JDPF is build around the pipeline concept. A pipeline (Fig. 1) is a set of data processing elements, that we call blocks or modules, connected in series, so that the output of one element is the input of the next one.
- The generic pipeline model.
Each block represents an operator defining the relation between an element x of a set X (the domain) and a unique element y of a set Y (the codomain) through a parameterization p of the embedded algorithm (Fig. 2). The parameterization allows decoupling the pipeline from the context as better explained later on. In most of the cases, X and Y can be given the mathematical structure of metric spaces.
- The generic block which implements an operator A from a domain X to a codomain Y through a parameterization in P.
The pipeline in JDPF can be composed organizing sequentially two different kind of blocks:
- Filters: They give an output defined within the same metric space of the input. Examples are blocks embedding outliers filtering in a time series as well as noise reduction algorithm for images;
- Transformers: Their output metric space is different from the input one. Examples can be a mechanism for qualitative abstraction performing quantitative data mapping into symbolic values as well as algorithms for the transformation at a different color depth of an image.
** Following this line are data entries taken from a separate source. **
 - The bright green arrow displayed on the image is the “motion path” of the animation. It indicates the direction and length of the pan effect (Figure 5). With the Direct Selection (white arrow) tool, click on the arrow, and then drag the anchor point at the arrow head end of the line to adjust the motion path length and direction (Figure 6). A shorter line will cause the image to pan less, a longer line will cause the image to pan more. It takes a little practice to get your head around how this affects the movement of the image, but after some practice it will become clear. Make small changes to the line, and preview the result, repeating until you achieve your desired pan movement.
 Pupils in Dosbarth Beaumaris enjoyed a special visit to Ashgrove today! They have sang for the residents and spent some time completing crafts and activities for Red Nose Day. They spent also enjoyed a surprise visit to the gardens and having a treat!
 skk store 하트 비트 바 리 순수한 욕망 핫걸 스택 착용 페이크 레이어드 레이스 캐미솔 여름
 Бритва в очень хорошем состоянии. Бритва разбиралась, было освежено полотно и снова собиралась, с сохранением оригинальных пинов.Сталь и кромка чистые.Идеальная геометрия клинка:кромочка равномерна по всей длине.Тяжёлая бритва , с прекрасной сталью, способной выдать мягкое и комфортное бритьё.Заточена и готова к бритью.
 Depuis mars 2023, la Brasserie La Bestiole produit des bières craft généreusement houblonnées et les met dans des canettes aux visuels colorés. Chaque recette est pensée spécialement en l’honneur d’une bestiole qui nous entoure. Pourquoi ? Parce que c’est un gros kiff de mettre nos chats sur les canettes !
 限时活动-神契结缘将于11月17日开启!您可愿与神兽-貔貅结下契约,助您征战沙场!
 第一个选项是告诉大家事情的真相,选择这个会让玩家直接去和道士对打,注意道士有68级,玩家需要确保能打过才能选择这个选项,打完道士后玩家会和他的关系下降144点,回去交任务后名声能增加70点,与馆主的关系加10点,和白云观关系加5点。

- Symbols for the filter and the transformer.
Each block must be provided with a descriptor that specifies the type of input/output data the block can accept, as well as the set of accepted/needed parameters. A pipeline can be built by assembling different blocks according to the constraints defined by the descriptors.
- An example of pipeline, a sequence of blocks.
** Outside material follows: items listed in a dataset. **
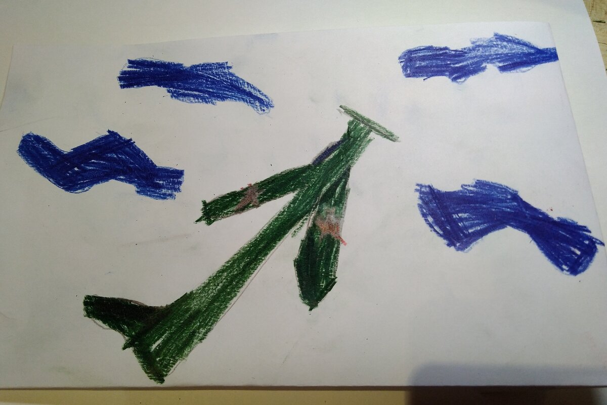 Поделки в садик бывают сложные и не очень. В последнее время мне встречается мнение, что домашнее творческое задание должен делать ребенок с минимальной помощью родителей. Дабы конкурс не превращался в соревнование родителей, где будут ярко выделяться шедевры тех, кто обучен рисовать в силу профессии или хобби. Итак открытка. Большую часть будет занимать рисунок ребенка. А, мы, взрослые, чуть добавим декора. Если Вам нравится такой подход, то смотрите, что получилось у нас. Такой, абсолютно самостоятельный рисунок. Оставляем, как есть, пусть облака синие, а звездочки хочется поправить. Сгибаем пополам лист бумаги А3, размещаем рисунок, приклеиваем. Далее понадобится георгиевская лента, продается в магазинах тканей по 4 р/метр, нам нужно немного. Из из того, что осталось от 1 м для следующей публикации сделаю значок. Ленту приклеиваем по краю рисунка. Середину на канцелярский клей, по краям на супер-клей. Осторожно, детям супер-клей НЕ давать! И для работы с бумагой он плохо п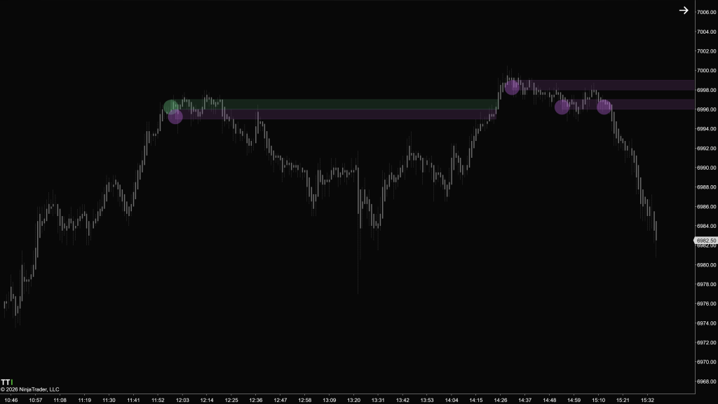 Automatically identifies swing highs and lows based on rotations in the market. Once a pivot is confirmed, a horizontal line is drawn across the chart, creating a running map of intraday turning points. These dynamic levels serve as valuable references for framing price action against prior swings.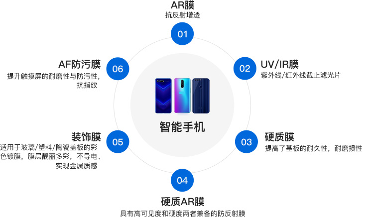 我司自主研发的系列镀膜机适用于在玻璃、树脂、陶瓷、金属等各类材质表面镀制AR膜、硬质膜、滤光膜、高反膜等各类薄膜,具有高生产效率、高稳定性、高重复性的特点,适合大批量连续作业的需求。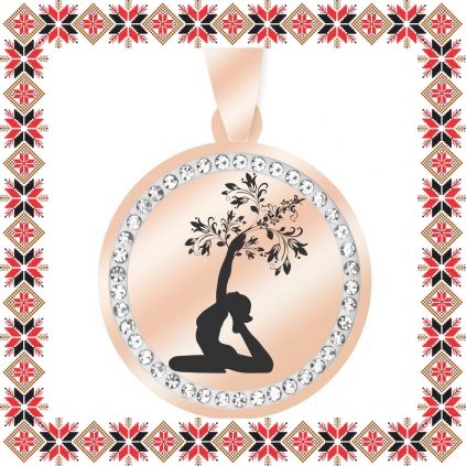 Martisor Pandantiv Inox Banut Pietre Rose Gold Yoga Natura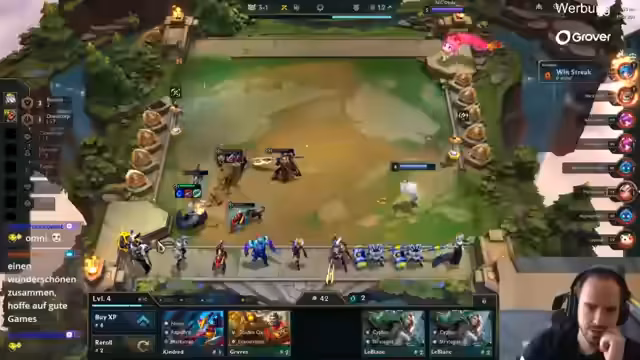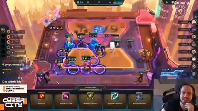 01:42:33Das Spiel startet mit einer starken Lobby, die bekannte Spieler wie Opal, Solo, Kessman und Elia umfasst. Die Performance der beiden deutschen Vertreter Nuri und Elia wird besonders beobachtet. Elia, der sich manchmal als "Caster-Cursed" fühlt, spielt ein Tempo-basiertes Board mit einer Morgana, während Nuri mit einem Jax-2 startet und sich auf Yuumi konzentriert. Der Streamer analysiert, dass Elia eine starke Eröffnung hingelegt hat und Nuri einen krassen Run hat, der auf das aktuelle Set zugeschnitten zu sein scheint. Entscheidungen über Items wie Thornplated Armor werden diskutiert.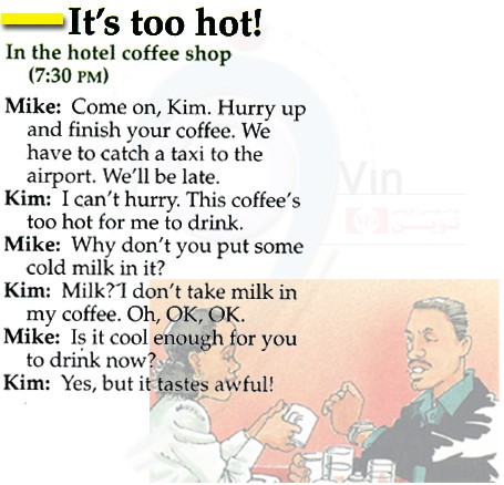 Mike: Come on, Kim. Hurry up and finish your coffee. We have to catch a taxi to the airport. We’ll be late.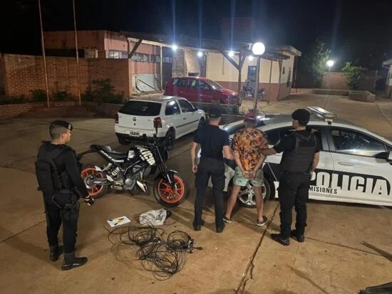 Asimismo, con los datos aportados por vecinos, los efectivos de la comisaría 1ra en conjunto con los agentes motorizados identificaron y detuvieron esta madrugada en la avenida los Inmigrantes y calle Goya a Mauricio D. El mismo, llevaba una mochila que contenía gran cantidad de cables. Cabe mencionar que el detenido posee un frondoso prontuario de delitos contra la propiedad.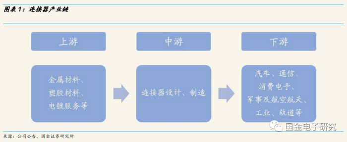 ◾ 连接器是电子系统设备之间电流或信号传输与交换的电子部件。作为节点,通过独立或与线缆一起,为器件、组件、设备、子系统之间传输电流或信号,并且保持各系统之间不发生信号失真和能量损失的变化,是构成整个完整系统连接所必须的基础元件。从产业链来看,上游包括金属材料、塑胶材料、同轴线缆等原材料,以及机械加工设备、电镀加工设备、测试设备、装配设备等设备供应商;下游覆盖汽车、通信、消费电子、军事、工业、航空航天、轨道等多领域。

In order to process multiple data streams, JDPF provides also another couple of blocks:
- Splits, they accept a single data stream in input and give two data streams in output.
- Symbol for the split.
- Aggregators (or joins), which accept as input the data coming from two different pipelines and give as output a single data stream derived from the application of an operator tuned, as usual, through a set of parameters
- Symbol for the aggregator.
A net is a collection of blocks organized not simply in a sequence but in a network that uses splits and/or joins.
- Example of net.
When the pipeline or nets have been defined, it is needed to transform them into JDPF components that represent complete data processing elements. A component, when deployed in the JDPF engine, is able to fetch the data feeding the pipeline and store its results. This is possible by adding to the pipeline two kind of blocks:
- Generators: they provide the input to the pipeline out of binary data (xml, images, text, html, zip) or other kind of sources such as specific tables in a relational database;
- Serializers: they represent the end of the pipeline and transform the pipeline content into data in different binary formats (xml, images, text, html, zip, pdf) or into tables of a relational database;
- Symbols for the generator and the serializer.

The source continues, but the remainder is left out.